Shilletha adopted the moniker Dragonsky after a backpacking excursion she did through Suffern-Bear Mountain Trail with a colleague. She was new to hiking at that time and had some trepidation. A disagreement about pace, coupled with the uncertainty of new terrain resulted in a panic attack.

“The adrenaline and fear surged through me, and I took off like a horse, galloping right into a boulder,” Shilletha said. “I fell and so did the tears. A knot formed and blood was running down my leg. Something landed on my head. I felt for it and noticed the buzzing of its wings. Moments later, I looked at my right foot and there was an orange dragonfly. It stayed with me and I smiled. The sky had been grey, but it suddenly opened, and I saw a patch of blue. I knew at that moment that my name was Dragonsky. The dragonflies are always there for me.”

This paved the way for more intense expeditions, but the preparation is no joke.

“Preparing for a hike is a tedious process, let me tell you! First comes the research and knowledge is power in nature. The more I know, the better prepared I am for weather, wildlife and the terrain. I gather the gear and gadgets and practice with them outside. For instance, while training for the Appalachian Trail, I spent a month in my tent in 20 degrees and below weather with my winter gear. If I got cold, I would go inside, make adjustments and reset. I knew I wanted to do a winter hike and didn’t want a run-in with hypothermia.”

Photo by Shilletha Curtis

What was it like completing the Appalachian Trail by herself?

“I never saw it coming,” Shilletha said. “The pandemic stole my job from me. I spent the past few years working as a social worker and a veterinarian technician. I thought that was all that I was. After losing my job, I had a severe panic attack that sent me to the hospital. During my lowest moment, I remembered the voice of the older white man I had met at Harriman State Park a few months earlier. He said, ‘you know, behind me is the Appalachian Trail. It runs 2,190 or so miles from Georgia to Maine.’ I knew at that moment that I was going to do it, but I didn’t know when or how.”

While it might be fun and even safer to hike with others, Shilletha values solitude and likes to plan her own schedule. She classifies herself as a warrior in the forest who plays by her own rules.

“I was surprised at the amount of support when I finished the Appalachian Trail,” she said, which was in stark contrast to the racism she endured on the trail itself. “Companies such as GoPro, Lululemon and others congratulated me. Alexandria Ocasio-Cortez ‘liked’ my post! My dragonflies were so proud.”

Shilletha’s story spread like wildfire over social media, particularly Instagram.

On April 9, she started her second leg of The Triple Crown: The Continental Divide Trail. She knew it would be a beast.

“This one is not for the faint of heart. I will be traversing through the deserts of New Mexico and battling snow in the San Juan mountains in Colorado. There will be monsoons and avalanche dangers. In Wyoming and Montana, I’ll be in Yellowstone, which is grizzly bear country.
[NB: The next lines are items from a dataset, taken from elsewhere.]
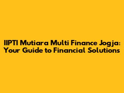 Hey guys! Are you looking for reliable financial services in Jogja? Let's dive into what IIPTI Mutiara Multi Finance Jogja has to offer. Whether you're planning a big purchase, need some extra capital for your business, or just want to explore your financing options, understanding what this institution provides is super important. So, let’s get started and explore the ins and outs of IIPTI Mutiara Multi Finance in Jogja, making sure you have all the info you need to make smart financial decisions.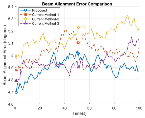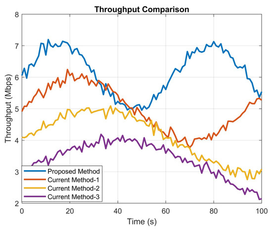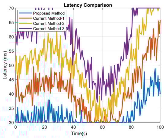 By optimizing beam-switching decisions, the system can adapt to rapid changes in channel conditions and interference, minimizing delays in data transmission and reducing overall latency. The proposed 6G system exhibits lower latency than the other methods due to the DRL agent’s real-time decision-making capabilities and the inherent low latency of 6G technologies. The combination of these factors allows for the rapid adaptation of beam-switching decisions in highly dynamic V2V environments. As a result, the system can maintain strong communication links and minimize delays in data transmission, even in the presence of rapid channel variations and interference. As shown in Figure 5, we can observe that the latency of the proposed method is marked as the lowest at the 58th second, which is 10.2 ms.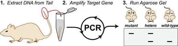 在以小鼠為模式生物進(jìn)行科學(xué)研究的實(shí)驗(yàn)室中,日常和基本的一個(gè)實(shí)驗(yàn)就是提取它們的遺傳物質(zhì)DNA(脫氧核糖核酸)進(jìn)行基因型鑒定,檢測這些小動物的基因組中是否含有特定的DNA。為了能夠從小鼠身上提取足夠的DNA,要從它們身上取下足量的細(xì)胞用于實(shí)驗(yàn)。為了盡可能減少對動物的傷害和方便試驗(yàn)人員的操作,我們只剪下一小段鼠尾作為實(shí)驗(yàn)樣品.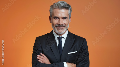 Mature man with a beard and mustache, dressed in a dark suit, white shirt, and tie, standing confidently with a pleasant expression and arms crossed, set against a vibrant orange background.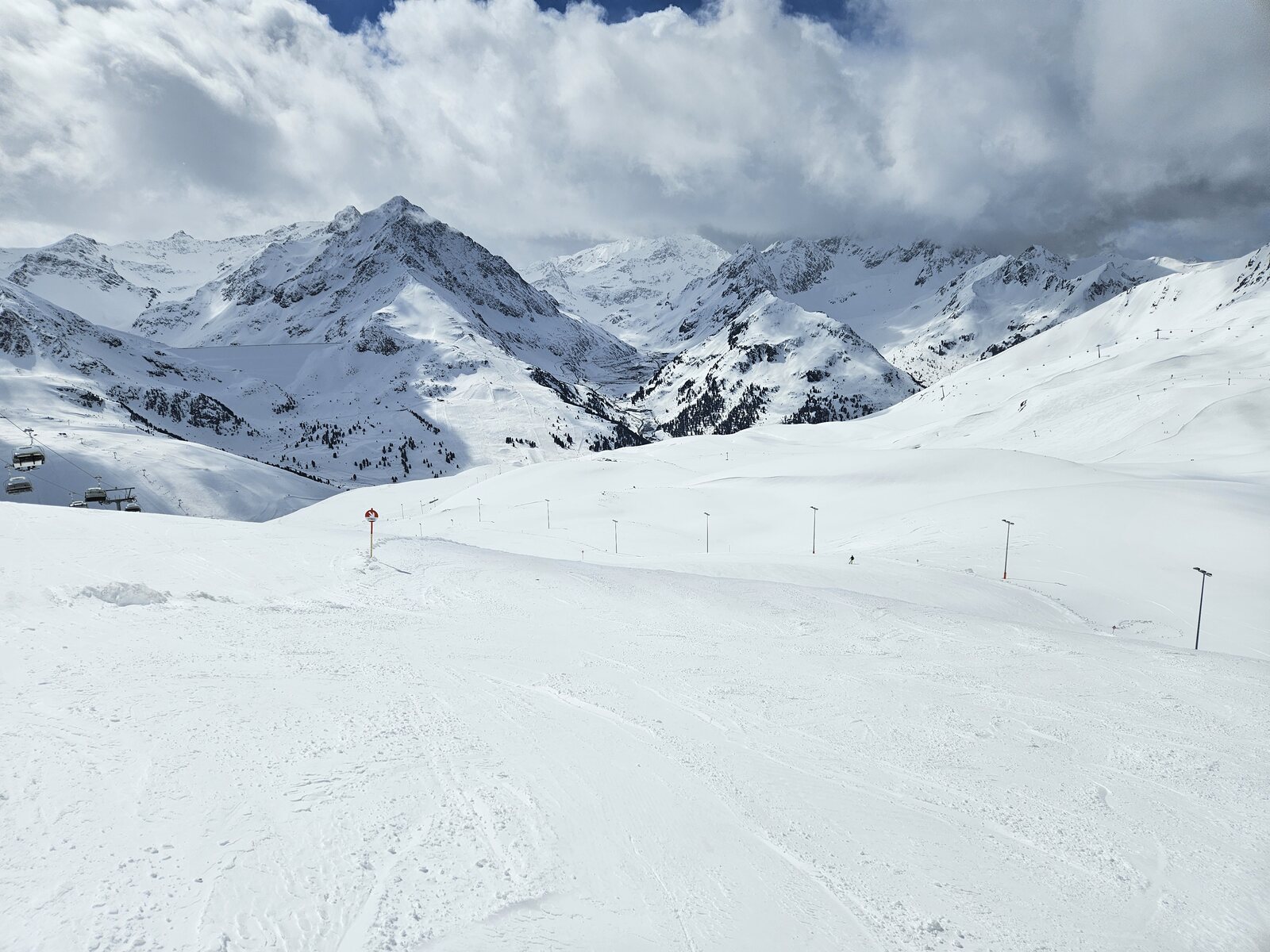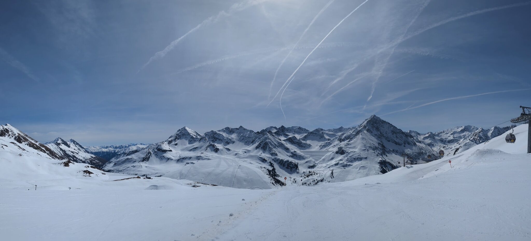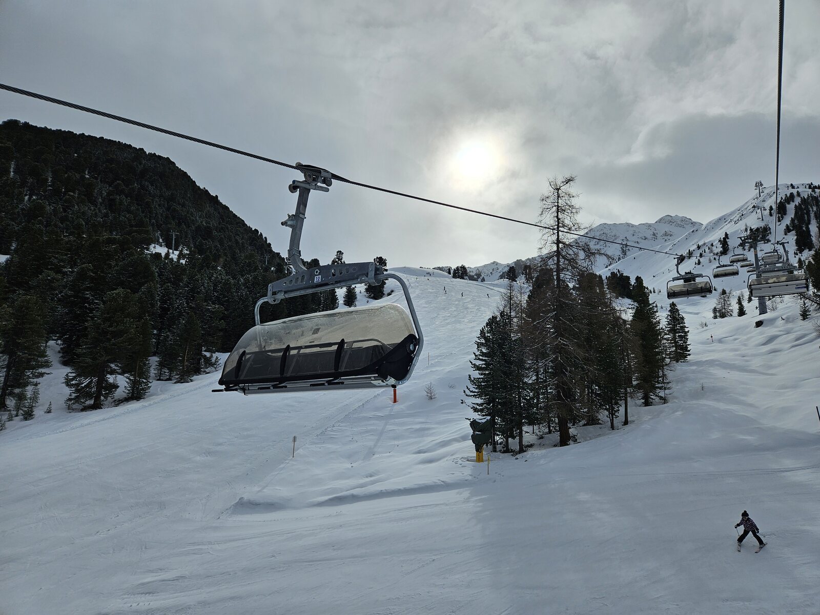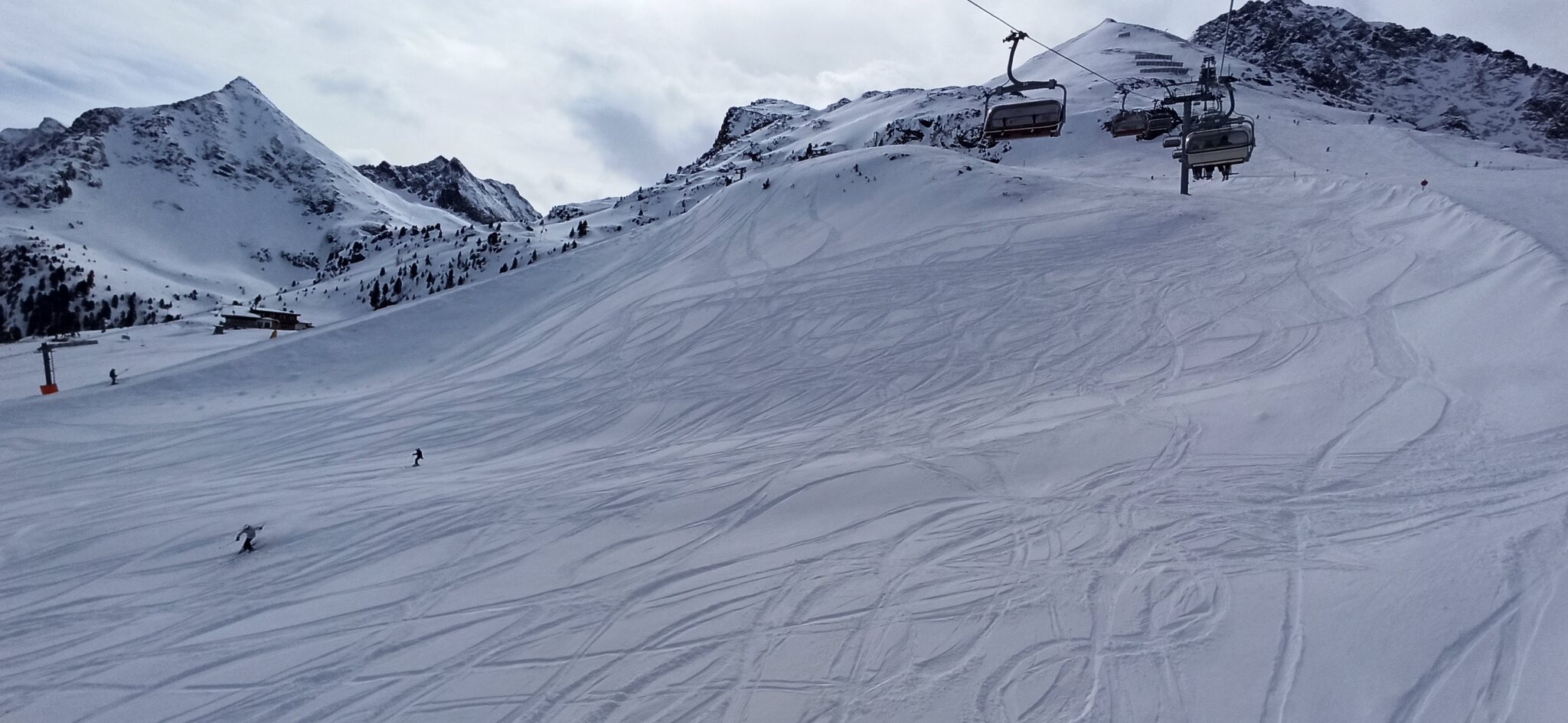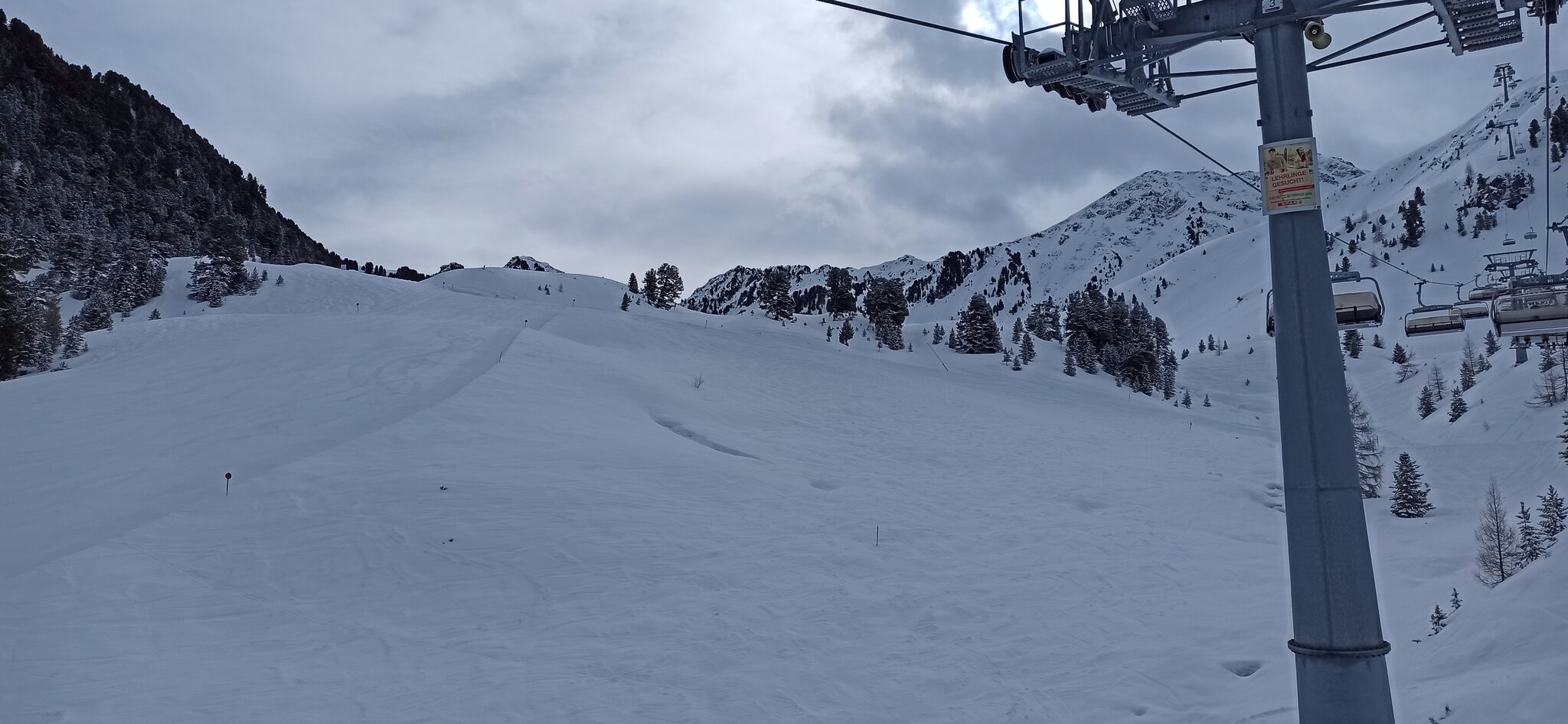 Nach einer Ehrenrunde im hinteren Teil ( war nicht schattig), ging es hoch nach Kühtai. Trotz dem angekündigten Sturm weitgehend Windstill. Nur auf der nördlichen Talseite war etwas Wind spürbar, aber alle Bahnen liefen ohne Probleme.

It scares the hell out of me, but this is why I’m doing it. I never run from the mountains. I face them, and when I do, I make them quiver in their bones.”

Shilletha’s confidence is laudable. But it isn’t an easy kind of confidence or doesn’t seem to be. She fought to build and nurture it, and still is. Affirmations from loved ones and strangers on the internet keep her fueled. While others might crumble under the pressure, her laser focus is her ally, and her haters couldn’t look more ridiculous. Shilletha has something to prove here- first and foremost to herself. And she wants Black people to know that the hiking world can be theirs for the taking if they want it.

Shilletha has a book deal with Disney and her memoir is set for release in 2024. If her hiking adventures are any indication, you can anticipate a roller coaster of a read.